The advantages of CBR are many;

·  These remote areas are very difficult to reach by health workers as there are no roads or very bad roads. The only way is by bike or motorbike, used by the CBR –fieldworkers and me. It is often the only way for children to have physio services because health centres are too far away and too expensive. It may also not be possible to send the mother to a physio-unit with one child as there are too many other mouths to feed and too much work to be done on the land.

·  The CBR workers are able to inform people in their own community better than any outsiders because, in Africa, each tribe has its own culture and fears which they will never tell a foreigner or somebody from another tribe. (Beliefs that disabilities are caused by witchcraft or a curse, involvement of local bonesetters and witch-doctors, stigma etc.etc.) Counselling, explanation of disability or treatment are one of the main issues to create awareness that people can be helped. It is very important that a CBR-worker takes time to interview the family so we fully understand their main problem. This will enable us to set up functional treatment goals together with the family. The CBR worker can also better explain the purpose of the exercise to encourage commitment of the family. I found out that this is the only way that the advice I give (how to dress, carry, feed the child etc.) is really followed up.

·  CBR can provide early detection and intervention. It can also prevent severe contractures and the need for expensive long treatments or surgery. (mainly children with cerebral palsy, polio, clubfoot or osteomyelitis). If a child with severe spasticity is detected early we can prevent flexion contractures and give the child an increased possibility of being able to walk. Babies with clubfoot can start the ponsetti POP-casting treatment, which, together with the use of a Dennis brown splint will fully correct their feet. Older children with severe neglected clubfoot, walking on the dorsal part of their feet, will need complex surgery.

·  A CBR programme provides support for the rest of the family, teaching them how to cope with the extra pressure of having a disabled child and showing them how to help their child harness his or her potential. As soon as a family sees improvement in their child, they know the potential that is there and they are encouraged to keep providing the attention and stimulation their child needs to develop. The harmful stigma will then cease.

Working with physically disabled people in CBR, I also got more aware of the problems fieldworkers and families are facing:

·  Lack of finance for treatments.

·  Lack of good explanation to family members by CBR workers about the reasons for therapy. We are trying to work on this, within our tight time-schedules.

·  Lack of time for family members to follow up advice and exercises.
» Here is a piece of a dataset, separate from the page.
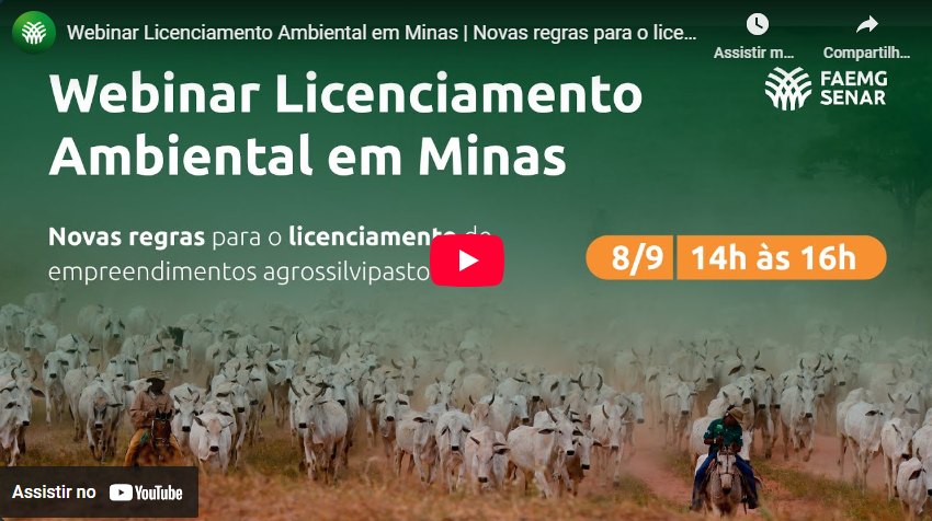 O Webinar sobre a Deliberação Normativa Copam nº 258/2025, realizado pelo Sistema Faemg Senar em parceria com a SEMAD, foi disponibilizada em nosso canal do YouTube.

Therefore together with the CBR worker and family, we look for postures and exercise which are part of the activities in their daily life.

·  Influence of local beliefs such as witchcraft which undermines efforts to change the situation.

·  The need for improvement in the quality of training for the fieldworkers The CBR-fieldworkers have a heavy workload as they also have to look after visual, hearing and mentally impaired persons. Therefore they don’t always have time to supervise exercise programmes and regularly do follow up.

·  Lack of CBR programmes in the region; there is a great need to establish comprehensive CBR projects all over rural Ghana. This would allow the early identification of children with physical disabilities and their referral to the physiotherapy centre for treatment, thus avoiding/preventing surgery. Unfortunately this link is missing in many rural areas.